Incentivizing both Grounding and Reasoning in Large Language Models with Online Reinforcement Learning

Link to Full ReportView on GitHub

A Group Thesis Project Exploring Reasoning, Grounding, and Learning Efficiency in AI Agents

This project was undertaken as our thesis for the course on Open-endedness and General Intelligence, taught by Tim Rocktäschel (Google DeepMind & UCL), Roberta Raileanu (Meta GenAI & UCL), and Jack Parker-Holder (Google DeepMind & UCL).

Our work explored whether prompting Large Language Models (LLMs) to “reason” before acting improves their learning speed and generalization in complex text-based environments.
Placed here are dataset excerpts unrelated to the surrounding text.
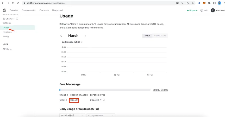 在左侧栏中点击“Usage”,可以清晰查看token的使用情况,数据每5分钟更新一次。OpenAI为每个新注册账户提供$18的免费token使用额度,考虑到前期花费不到$1,确实是个不错的选择。但请注意,免费额度有时间限制,过期后将作废。
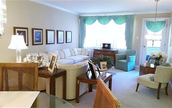 FABULOUS FIND! This condo has it all with 2 large bedrooms, 2 full baths and a garage! Tastefully appointed with crown moldings, fluted trims, arched panel doors and decorator touches throughout. Columns accent the entry foyer. Spacious living room has atrium door that walk out to breezy balcony with great view of trees in the common area. Floor to ceiling mirrors enhance the formal dining room. Efficient, updated, galley kitchen has bright white cabinets with pull out shelves, pantry and breakfast bar. The master suite has a full wall of closets with mirrored doors and bath with walk-in shower. The second bedroom has sliders that open to balcony. Could be a great space for home office. (Pictures will be removed and walls repaired prior to closing). Owner is an Elvis fan so check out the Elvis laundry room and Elvis performing in the Hall bathroom. This unit comes with a storage unit in the basement, one car garage, plus additional assigned parking space. New roof installed Oct. 2016!
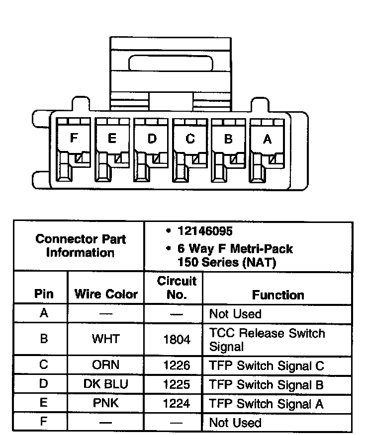 Automatic Transmission Fluid Pressure Manual Valve Position Switch Connector, Wiring Harness Side
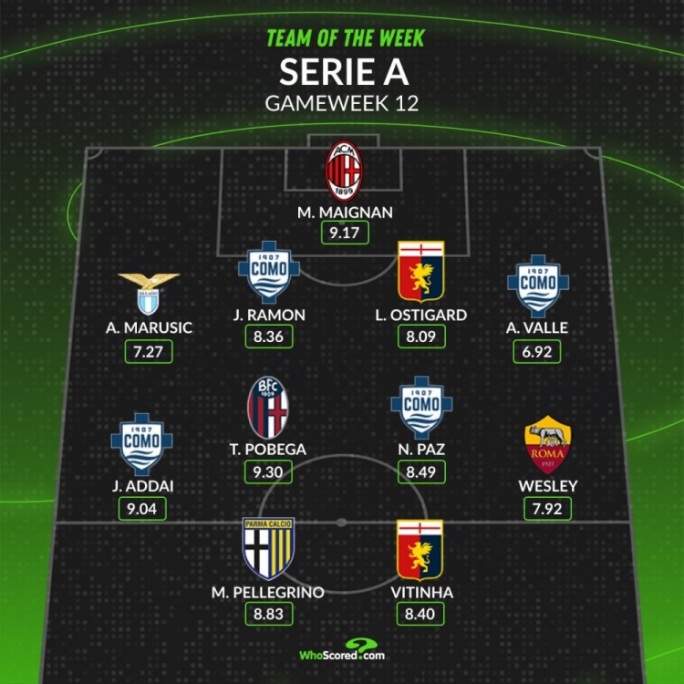 中场:杰登·阿代(科莫,9.04分)、托马索·波贝加(博洛尼亚,9.30分)、尼科·帕斯(科莫,8.49分)、韦斯利·法兰卡(罗马,7.92分)
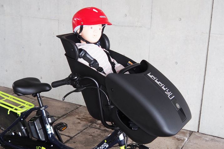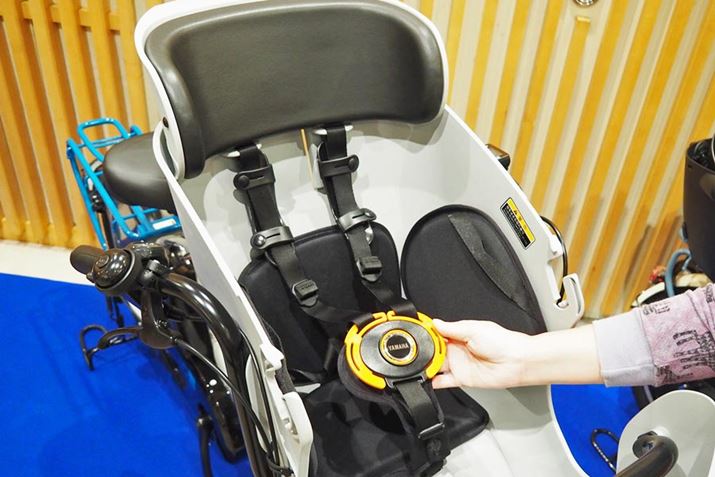 車体などの部分は従来どおりなので新モデルに特化したことではありませんが、今回試乗した「PAS Kiss mini un SP」の特徴を軽く紹介しておきます。「PAS Kiss mini un SP」でもっとも目を引くのが、フロント側にあるシェル型のチャイルドシート「コクーンルーム」。子どもの足先まで包み込む形状なので、安心感は高まるでしょう。なお、「PAS Kiss mini un SP」よりバッテリー容量が1.1Ah小さい12.3Ahの「PAS Kiss mini un」もラインアップ。重量など微妙に違うスペックはありますが、車体設計は同じなので「PAS Kiss mini un」にも「コクーンルーム」が搭載されています。
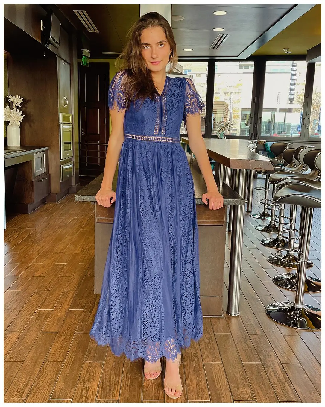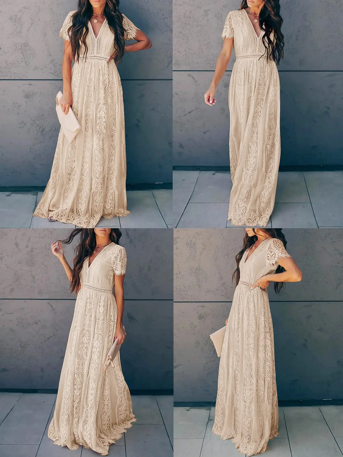 ·Features a deep V-neckline, sheer short sleeves, high waist, and full-length A-line skirt for a romantic look
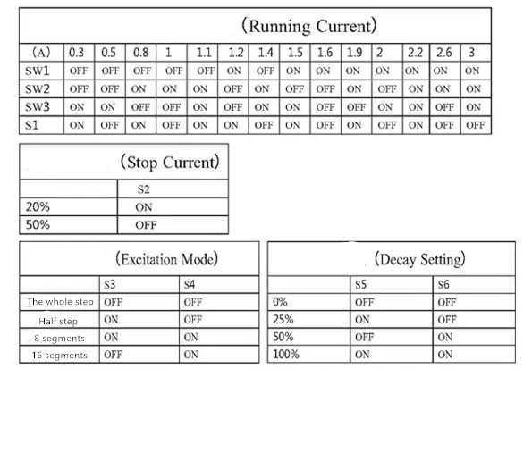 5) Suitable for two-phase / four-phase / four-wire / six-wire stepper motors within 42, 57 steps and 3A, not suitable for step motors over
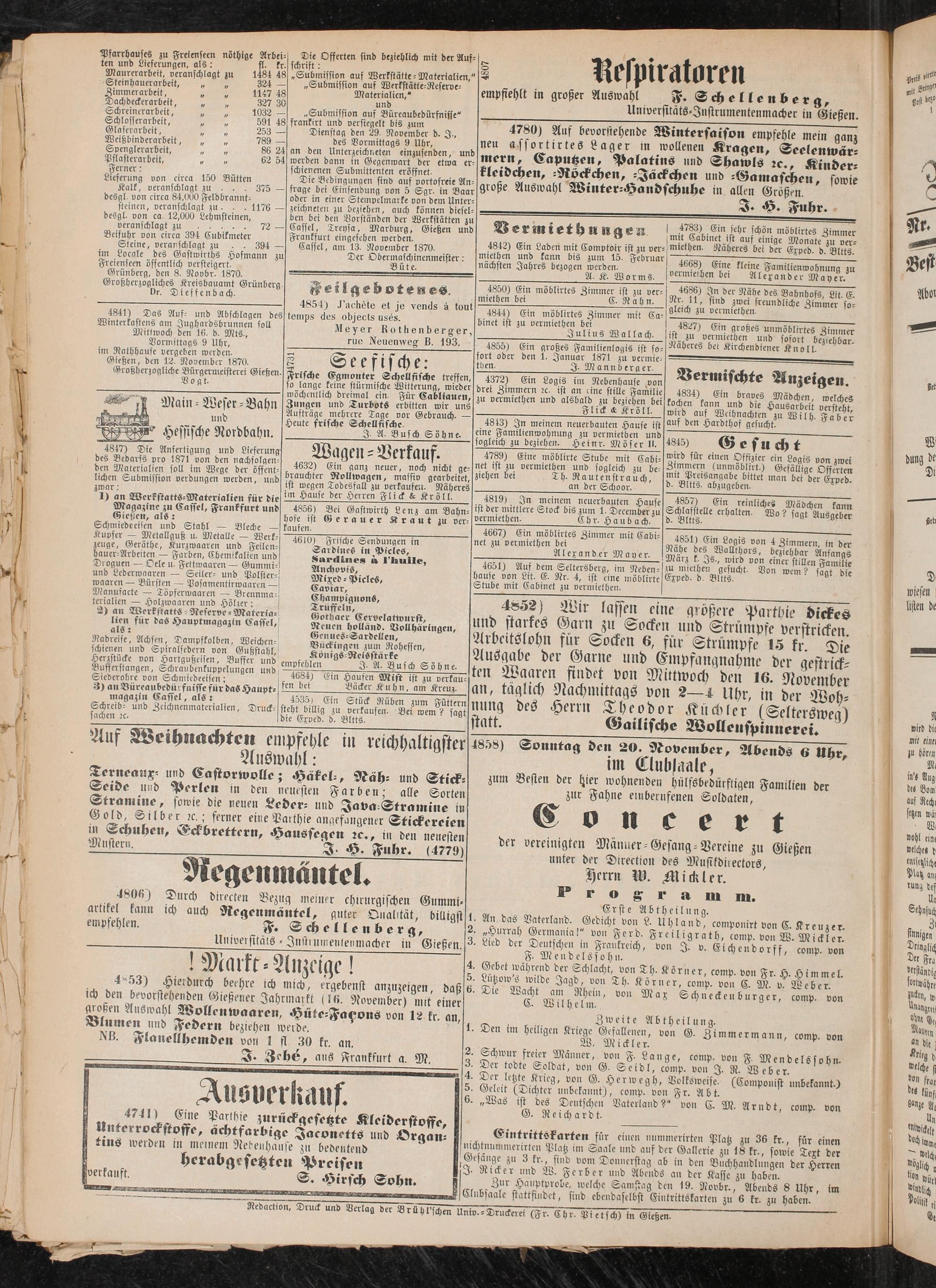 Gießen, den 12. November 1870. Großherzogliche Bürgermeisterei Gießen.

We developed and fine-tuned LLM agents using a novel token-by-token action generation method and a nested Reinforcement Learning (RL) approach within the BabyAI-Text platform.


The Core Question & Our Approach

Can explicit reasoning enhance LLM agent performance in online RL? We tackled this by:

  • Developing LLM agents that generate actions token-by-token, offering greater flexibility.
  • Comparing agents that verbalize reasoning steps against those generating actions directly.
  • Implementing a nested PPO-based RL algorithm for fine-tuning (using LLaMA-3.2-3B-Instruct with LoRA) to precisely assign credit during the decision process.
  • Testing in BabyAI-Text, a text-based environment requiring language understanding and navigation.

Key Findings & Impact

  • Reasoning Didn’t Boost Performance: Surprisingly, explicit reasoning did not significantly improve sample efficiency or task success rates in the tested scenarios.
  • Interpretability Without Cost: Crucially, reasoning-based agents provided valuable insights into their decision-making process without compromising effectiveness, a key benefit for AI transparency and debugging.
  • Identified “Reasoning Collapse”: We observed instances where articulated “thoughts” devolved into simply restating the intended action.

Training curves for 3-distractor environment Caption: Training curves showing success rate and average reward for the medium difficulty environment with 3 distractors. Both agents (reasoning and non-reasoning) improved through RL fine-tuning. The reasoning agent (shades of blue) performed comparably to the non-reasoning agent (shades of orange), with added training instability (as indicated by the tanking blue curve) but also potential interpretability benefits.


Technical Highlights

  • Languages & Frameworks: Python, PyTorch, Hugging Face Transformers, TRL, PEFT
  • Core AI/ML: Reinforcement Learning (PPO, Nested RL), LLM Fine-Tuning (LLaMA, LoRA), Prompt Engineering
  • Environment & Tools: BabyAI-Text, Weights & Biases, Hugging Face Hub, Git

Skills Showcased (Group Effort)

  • Advanced RL Algorithm Design & Implementation
  • LLM Fine-Tuning & Adaptation
  • Experimental Design & Data-Driven Analysis
  • Collaborative Software Engineering for AI Research
  • Critical Problem-Solving & Team-Based Inquiry

This project demonstrates our collective ability to innovate at the intersection of LLMs and RL, rigorously test hypotheses as a team, and extract valuable insights even from unexpected results. We faced multiple hurdles along the way which we overcame through collaboration, iterative problem-solving, and commitment to our research goals.